• [Exercise]: Nothing but the lines from the one showing "Sticker Rond Jolie" through the final line of the data below belongs in the answer, duplicated exactly and without pictures.

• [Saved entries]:
········

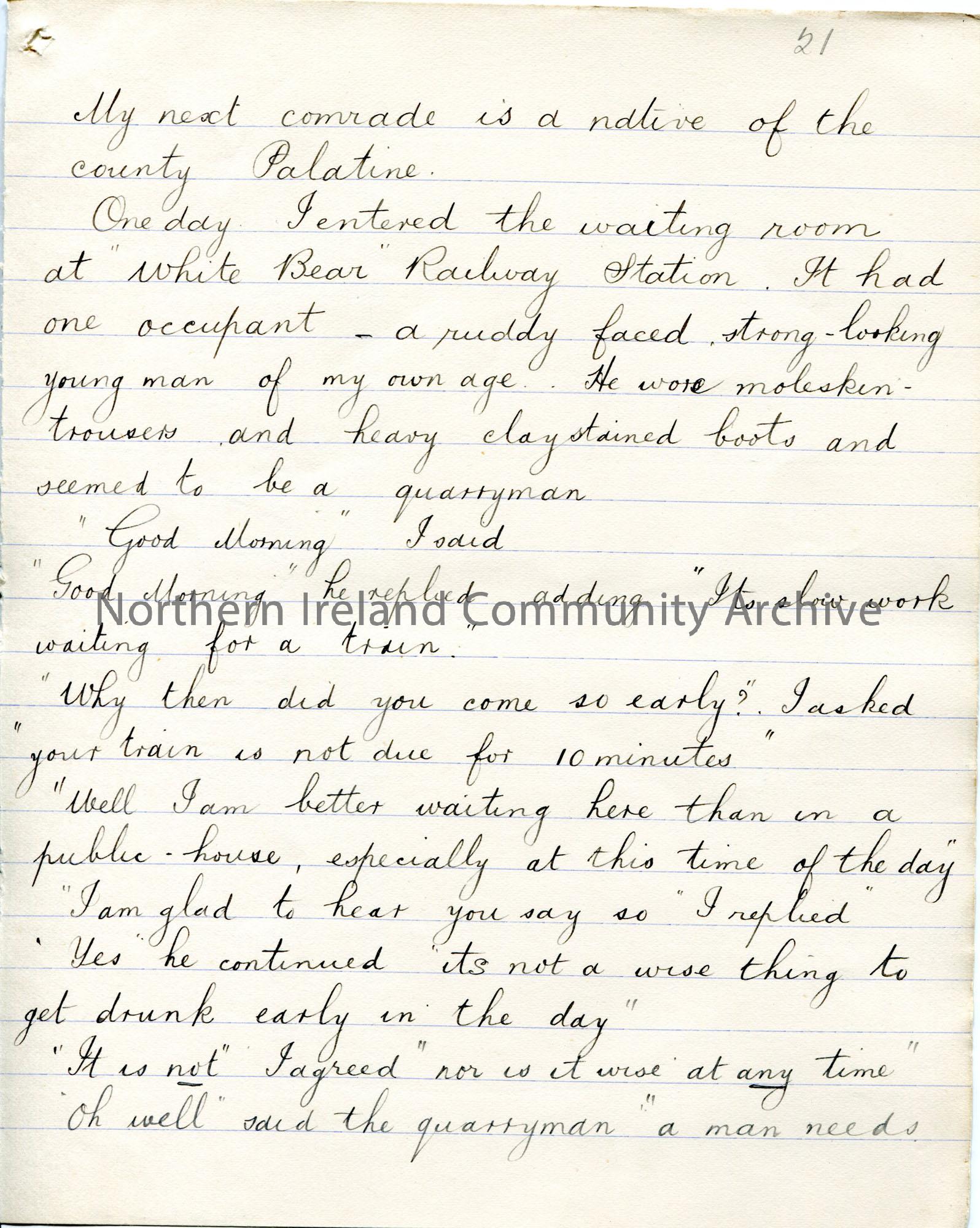 Page 21 of 38. Handwritten essay by Sam Henry titled, 'The Voice from the Ground'. 'Essay - Handshake' written in pencil above title. Re comradeship and Sam's encounters with various people. Contains rough notes on back of some pages of responses to the essay.
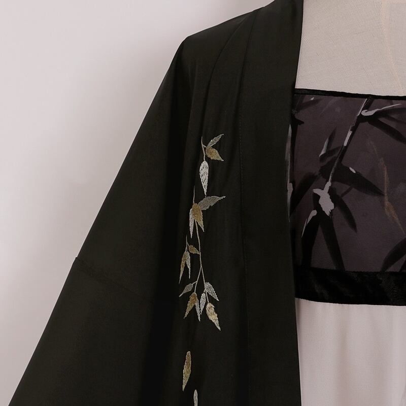 ハイウエスト、ロング丈のシフォンスカートに竹刺繍がおしゃれな羽織りの2点セットです。
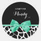 Sticker Rond Jolie Giraffe Imprimé Monnaie Vert Bow avec nom
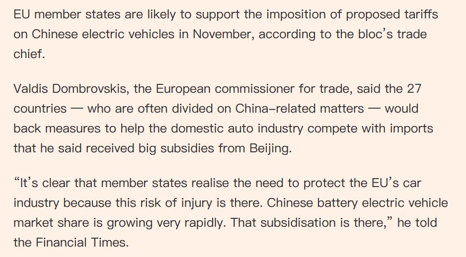 《金融时报》(FT)援引对欧盟贸易专员瓦尔季斯·东布罗夫斯基斯的采访报道,欧盟成员国可能支持11月对中国电动汽车加征关税的提议。他表示,成员国意识到保护欧盟汽车工业的必要性,因为“存在受到伤害的风险”
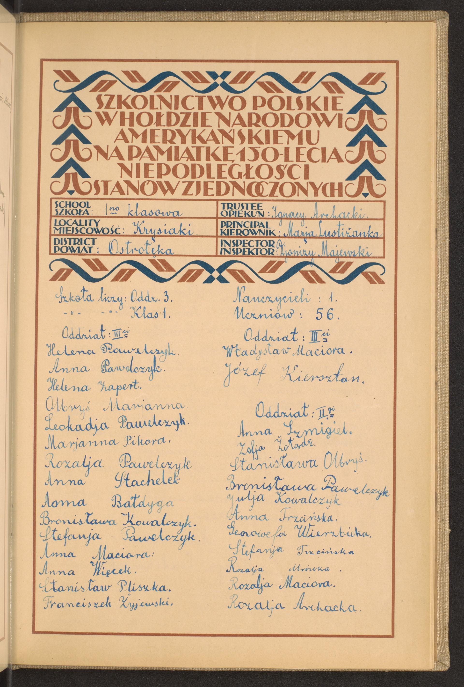 szkoły powszechne i gimnazja; powiaty Olkusz-Ostrołęka

········

• [Reply]:
 Sticker Rond Jolie Giraffe Imprimé Monnaie Vert Bow avec nom
 《金融时报》(FT)援引对欧盟贸易专员瓦尔季斯·东布罗夫斯基斯的采访报道,欧盟成员国可能支持11月对中国电动汽车加征关税的提议。他表示,成员国意识到保护欧盟汽车工业的必要性,因为“存在受到伤害的风险”
 szkoły powszechne i gimnazja; powiaty Olkusz-Ostrołęka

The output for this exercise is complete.